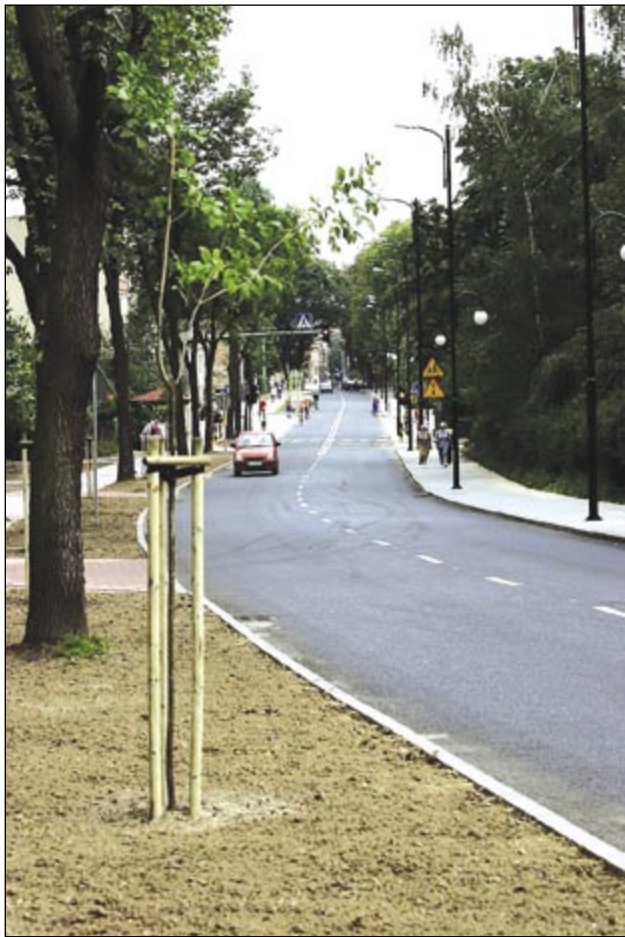
fol. A. Witwicki
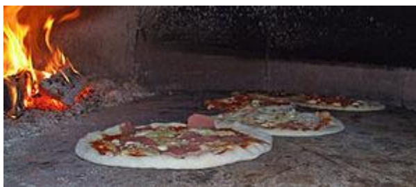
Pizzas dentro de um forno a lenha

Pizza (também grafada piza em Portugal) é uma preparação culinária que consiste em um disco de massa fermentada de farinha de trigo, coberto com molho de tomate e os ingredientes variados que normalmente incluem algum tipo de queijo, carnes preparadas ou defumadas e ervas, normalmente orégano ou manjericão, tudo assado em forno.
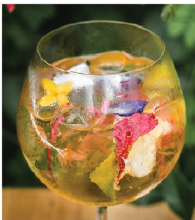
Floral G & T 250 Floral Gin, Pimm's NO 1, Floral Tincture, Dry Martini, Tonic, Assorted Herbs and Flowers

M Watermelon Smash 220 Vodka, Watermelon, Ginger, Lime Juice, Mint Leaves, Rose, Soda Water
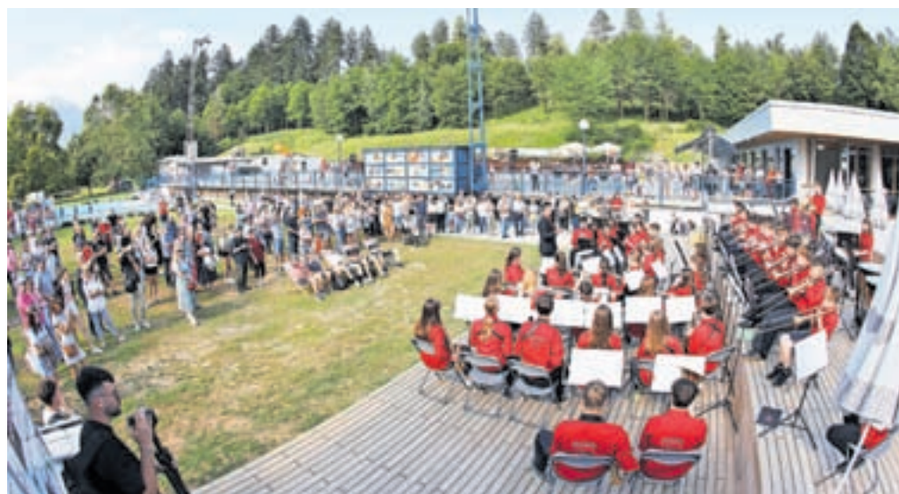
Slovesno odprtje sta z glasbenim programom dopolnila Pihalni orkester Glasbene šole Radovljica (na fotografiji na novi leseni terasi restavracije) in Pihalni orkester Lesce.
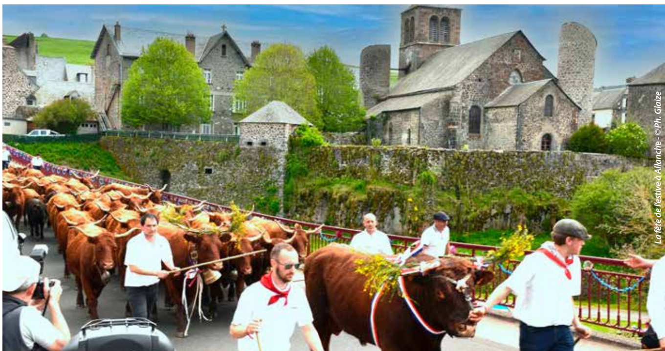
La fête de l'estive à Allanche
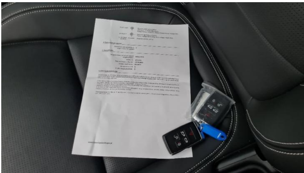
Fot. 22. Dowód rejestracyjny 2. strona / klucze
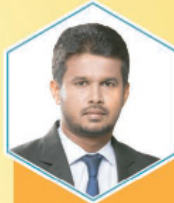
மி.ஆ.ஆ. குமார சத்தமங்க ஈர்வோட்டை
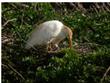
Héron garde bœufs (« pique bœufs ») bec plus fort jaune, orange chez les nicheurs, pattes jaunes
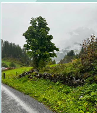
Semaine mur de pierres sèches
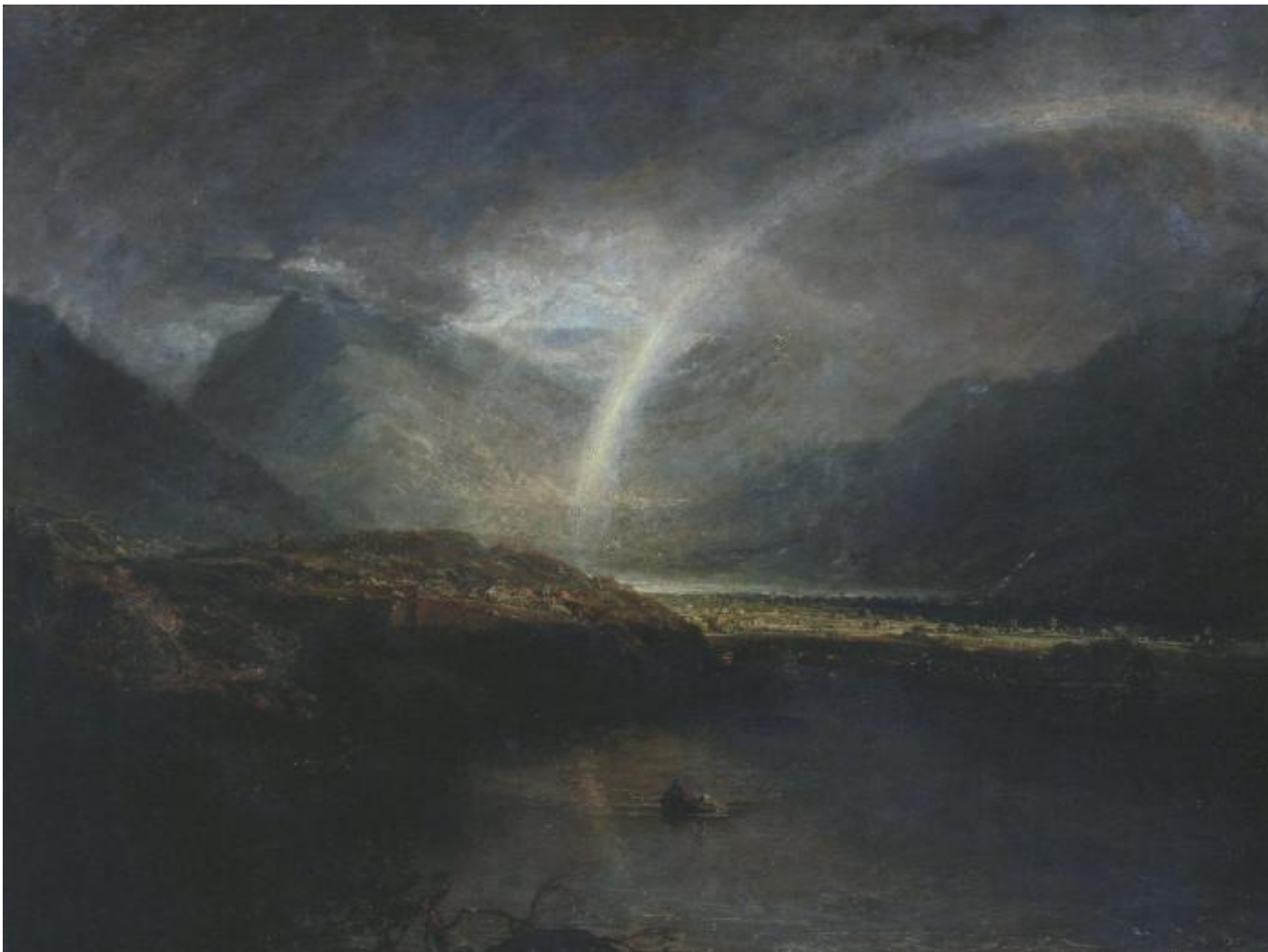
«Пейзаж с белой радугой» 1806 г.
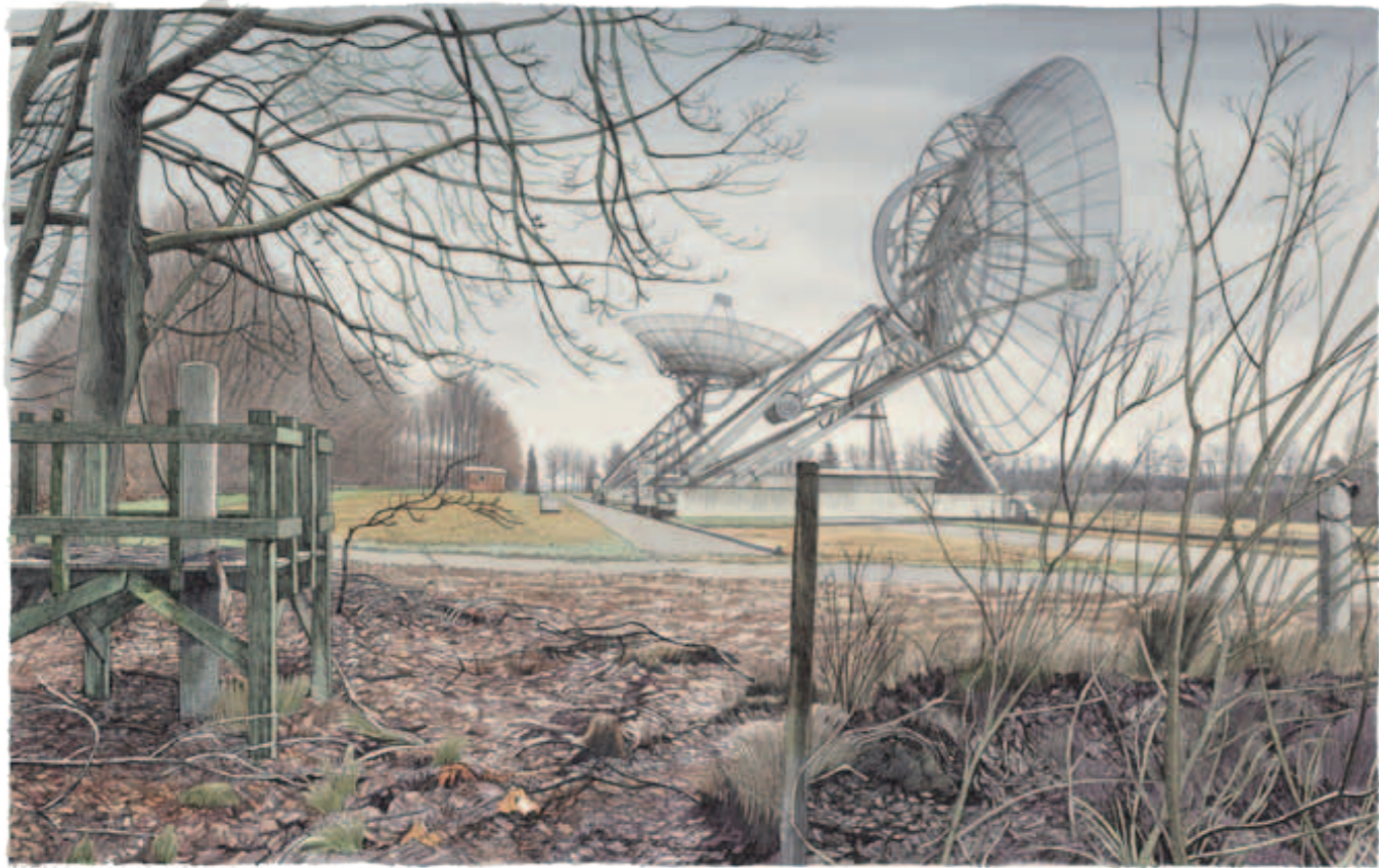
Siemen Dijkstra, Sterrenwacht Westerbork Halkenbroek, 27 x 43 cm, 2024

▸ **WHAT YOU HAVE TO DO**
Go through the records above and copy each line where "forno" is found.

▸ **TASK ANSWER**
Pizzas dentro de um forno a lenha
Pizza (também grafada piza em Portugal) é uma preparação culinária que consiste em um disco de massa fermentada de farinha de trigo, coberto com molho de tomate e os ingredientes variados que normalmente incluem algum tipo de queijo, carnes preparadas ou defumadas e ervas, normalmente orégano ou manjericão, tudo assado em forno.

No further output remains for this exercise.